23. The system as recited in claim 1, further comprising:

and the feedback module is used for providing feedback to the user when the collision occurs.

24. The system of claim 1, wherein the virtual target object display module further comprises:

a right light signal generator for generating a plurality of right light signals to form a right image;

a right light combining element for redirecting the right light signals to a retina of the user;

a left light signal generator for generating a plurality of left light signals to form a left image;

a left light combining element for redirecting the plurality of left light signals to another retina of the user;

25. the system as recited in claim 1, further comprising:

a support structure capable of being worn on the head of the user;

the real object detection module, the real object identification module, the virtual object display module, the collision module and the interaction module are all carried by the support structure.

26. A system for real object identification, comprising:

a real object detection module for receiving a plurality of image pixels of at least one of a right hand and a left hand and corresponding depths;

a real object identification module for determining the shape, position and motion of at least one of the right hand and the left hand;

An interaction module for determining a motion reflecting an event according to an object identification judgment from the real object identification module;

the real object identification module respectively identifies at least seventeen characteristic points on the hand and obtains the three-dimensional coordinates of each characteristic point to determine the position of at least one of the right hand and the left hand.

27. The system of claim 26, wherein the real object detection module includes at least one RGB camera to receive a plurality of image pixels of at least one of the right hand and the left hand; and at least one depth camera to receive the corresponding depth.

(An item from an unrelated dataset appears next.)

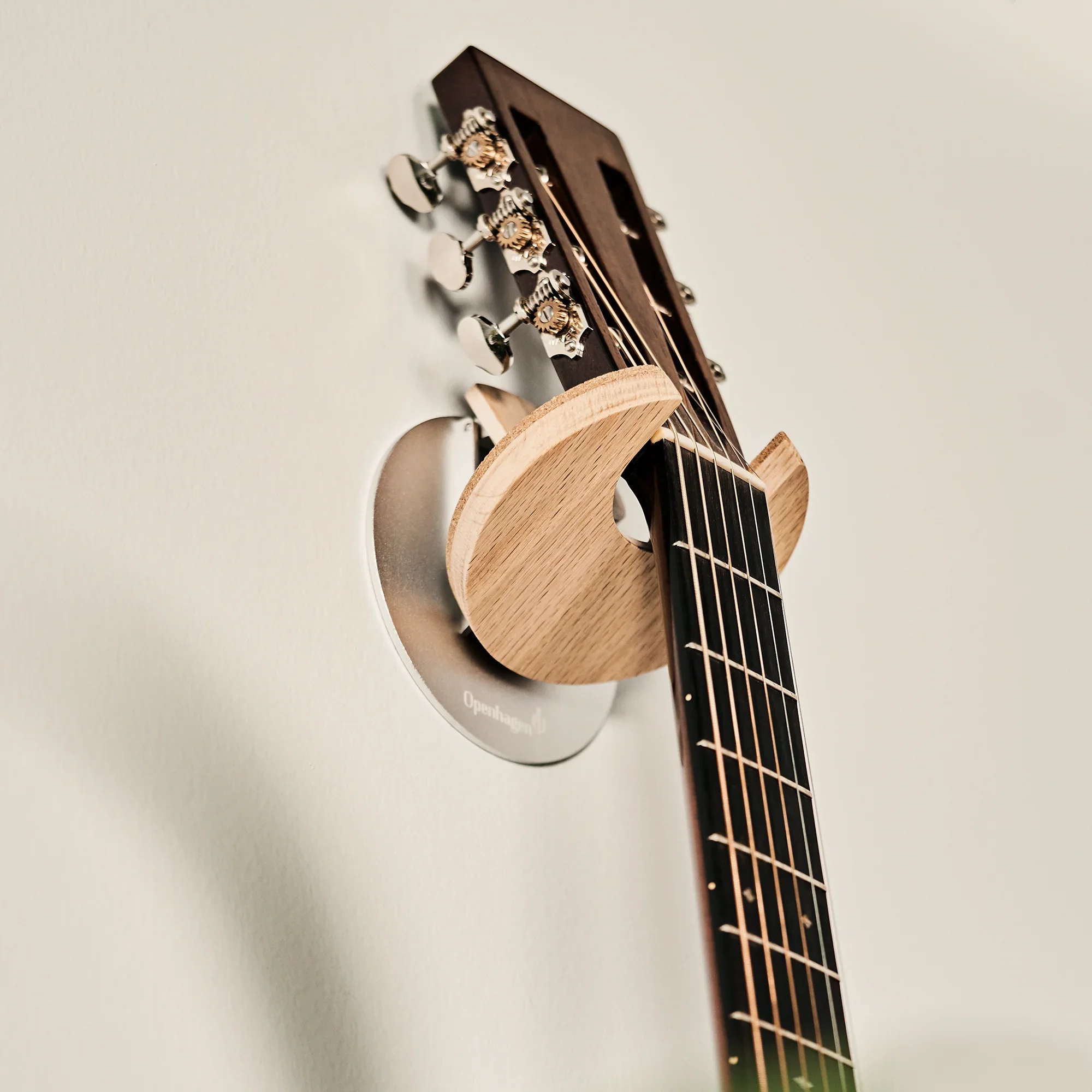 World's Only Collapsible Wall Mount HangWithMe honors your home and guitar, allowing you to display your passion in any room. Collapsible wall mount that fits most guitars and basses with an asymmetric headstock. ✓ Made of selected solid lacquered wood, anodized aluminum, and lined with oiled cork ✓ Original Danish design by the award-winning duo Harrit-Sorensen ✓ Suits Telecaster and Stratocaster-shaped headstocks the best ✓ Can be a wall decor when not in use by simply folding it up ✓ Easily mounted to the wall with 2 screws ✓ I n more than 15,000 homes ✓ Weight limit: 25 pounds ✓ 60 mm opening Specifications Length (Ø): 11 cm (4.3 in) Height: 2 cm (0.8 in) Material: Solid, oiled wood, oiled cork, anodized aluminum Special features: Collapsible, solid wood Type: For most asymmetric headstocks. Suits Telecaster and Stratocaster-shaped headstocks the best Weight: 190 - 220 g (6.7 - 7.8 oz) Designed by HarritSorensen. Manufactured by Openhagen. Patented. FAQs Q. DOES IT FIT MY INSTRUMENT? A. The wall mount fits most guitars and basses with an asymmetric (6 inline) headstock. Suits Telecaster and Stratocaster-shaped headstocks the best Q. WEIGHT LIMIT? A. The wall mount can take the heaviest bass guitars. Maximum weight 25 pounds / 11 kg. Q. WHAT’S IN THE BOX? A. 1 x instruction manual 2 x mounting screws 1 x wall mount made of solid wood with oiled cork and anodized aluminum You will receive your product in solid, eco-friendly packaging with good foam protection. Q. CARE AND MAINTENANCE? A. To clean HangWithMe please wipe with a brush or a clean towel. If you have chosen the HangWithMe with an oiled finish, please continue reading. The solid wood is treated with a waterproof and environmentally friendly wood wax oil, which is durable and long-lasting. We advise you to re-coat the wood every one or two years to maintain it. Q. DOES IT SCRATCH MY HEADSTOCK? A. HangWithMe is made of solid wood combined with oiled cork. The cork will protect your instrument from scratches or damage while hanging on the wall mount. Q. CAN I USE EG. COMMAND STRIPS? A. No you can’t. Command strips, nano/PU gel, etc. are not strong enough to hold your guitar. The wall mount is easily mounted to the wall using two screws. If you have questions, please don't hesitate to contact us: at [email protected] Shipping FREE shipping on orders above $199 . Money-back guarantee. 2-8 working days delivery. If customers provide the delivery address based on PO box addresses it will take 7-20 working days. Openhagen orders are shipped and delivered on business days (Monday - Friday - 8 AM - 5 PM). For security reasons, Openhagen will not send any order to post office boxes or military bases, nor will it accept any order when it is impossible to identify the recipient of the order and its address. If you have questions, please don't hesitate to contact us at [email protected]

28. The system of claim 26, wherein the real object recognition module adjusts the horizontal and vertical coordinates of at least one of the right hand and the left hand, respectively, using a plurality of image pixels and their corresponding depths captured simultaneously.

29. The system of claim 26 wherein each hand has a wrist feature, each finger having a first joint, a second joint, and a fingertip; a first line formed by a wrist feature point and a first joint of the finger, and a second line formed by the first joint and a tip of the finger, wherein the finger is considered to be straightened when a finger angle between the two is greater than a predetermined angle.

30. The system of claim 29 wherein for an index finger, a middle finger, a ring finger, and a tail finger, a first length from the wrist feature point to a second joint of the finger, and a second length from the wrist feature point to the finger tip, a finger is considered straightened when a difference in finger length therebetween is greater than a predetermined length; for a thumb, a third length from the tip of the thumb to a first joint of the tail finger and a fourth length from a second joint of the thumb to a first joint of the tail finger are considered to be straightened when a difference in finger length between the two is greater than a predetermined length.

31. The system of claim 30, wherein the finger is considered straightened when the finger angle is greater than about 120 degrees and the finger length difference is greater than about zero.

32. The system of claim 26, wherein the real object identification module determines the motion of at least one of the first active object and the second active object based on a change in shape and position of at least one of the first active object and the second active object over a predetermined period of time.

33. The system of claim 26, wherein the real object identification module determines the speed or acceleration of the motion based on a change in position of at least one of the first active object and the second active object over a predetermined period of time.